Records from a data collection
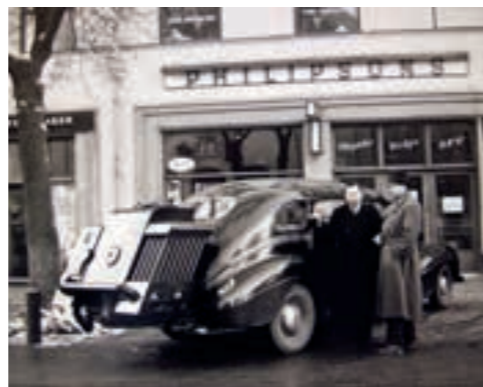
En tjugusig bil krävde förstås också ett matchande gengasaggregat. Bilden togs 1940 utanför Philipssons i Karlstad.

Det verkligt stora problemet med gengas, är just dess innehåll av kolmonoxid. Det är en gas som är starkt giftig. Vid inandning i stora doser förhindrar den syreupptagningen i blodet. Att kolmonoxid dessutom är både smak- och luktlös gör den extra lömsk. Under krigsåren inträffade ett stort antal olyckor med gengas. Bara under
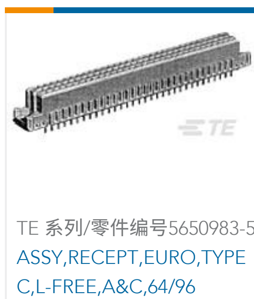
TE 系列/零件编号 5650983-5 ASSY,RECEPT,EURO,TYPE C,L-FREE,A&C,64/96
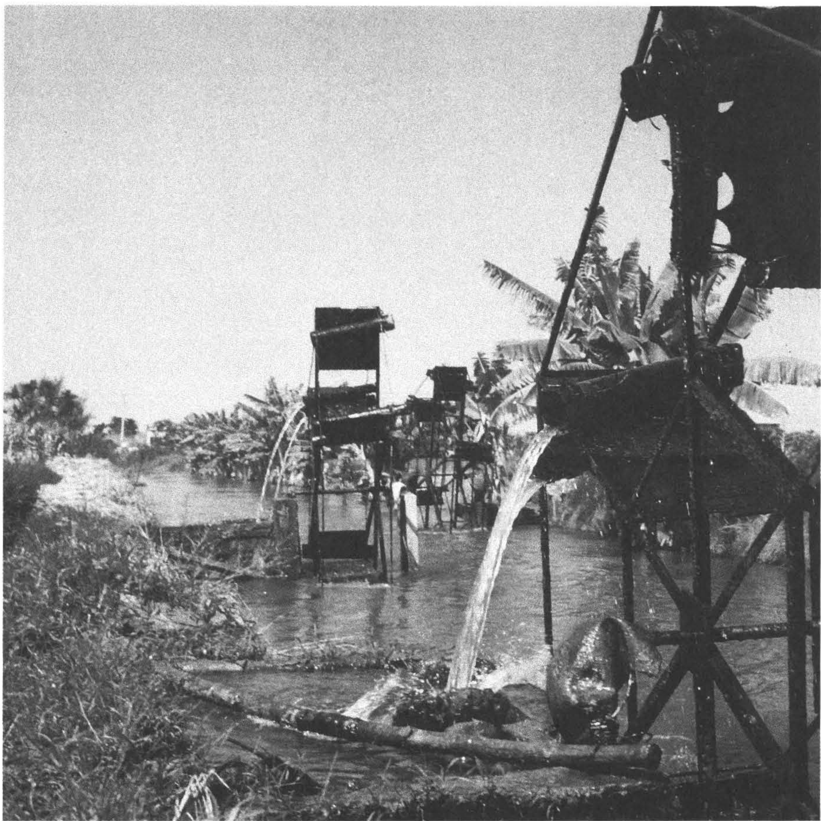
◆烏溪流抵彰化市快官里東邊納入貓羅溪，溪水流經石牌里時，農民以水車汲取河水灌溉農田的特殊景觀，今已不多見。（攝於彰化市石牌里）
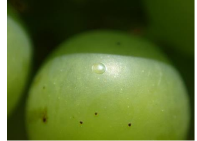
Eudémis : ponte fraîche

Dans le secteur de la Plaine (Nord et Sud Tech) les dépôts de pontes sont encore observés.
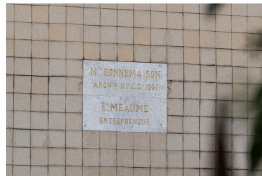
Immeuble, plaque de l'architecte IVR11_20249200983NUC4A
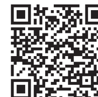
Google Play Store

To be able to use and parameterize the device with the Casambi app, it must be added to a network.
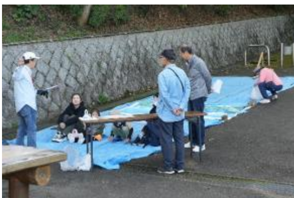
開始挨拶・プログラム案内
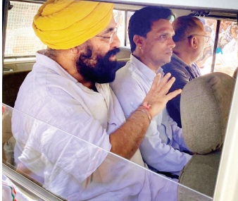
को उपजेल में भेज दिया है।

_About this task_:
Every entry must be transcribed exactly. Pictures do not belong in the copy.

_Exercise response_:
En tjugusig bil krävde förstås också ett matchande gengasaggregat. Bilden togs 1940 utanför Philipssons i Karlstad.

Det verkligt stora problemet med gengas, är just dess innehåll av kolmonoxid. Det är en gas som är starkt giftig. Vid inandning i stora doser förhindrar den syreupptagningen i blodet. Att kolmonoxid dessutom är både smak- och luktlös gör den extra lömsk. Under krigsåren inträffade ett stort antal olyckor med gengas. Bara under
TE 系列/零件编号 5650983-5 ASSY,RECEPT,EURO,TYPE C,L-FREE,A&C,64/96
◆烏溪流抵彰化市快官里東邊納入貓羅溪，溪水流經石牌里時，農民以水車汲取河水灌溉農田的特殊景觀，今已不多見。（攝於彰化市石牌里）
Eudémis : ponte fraîche

Dans le secteur de la Plaine (Nord et Sud Tech) les dépôts de pontes sont encore observés.
Immeuble, plaque de l'architecte IVR11_20249200983NUC4A
Google Play Store

To be able to use and parameterize the device with the Casambi app, it must be added to a network.
開始挨拶・プログラム案内
को उपजेल में भेज दिया है।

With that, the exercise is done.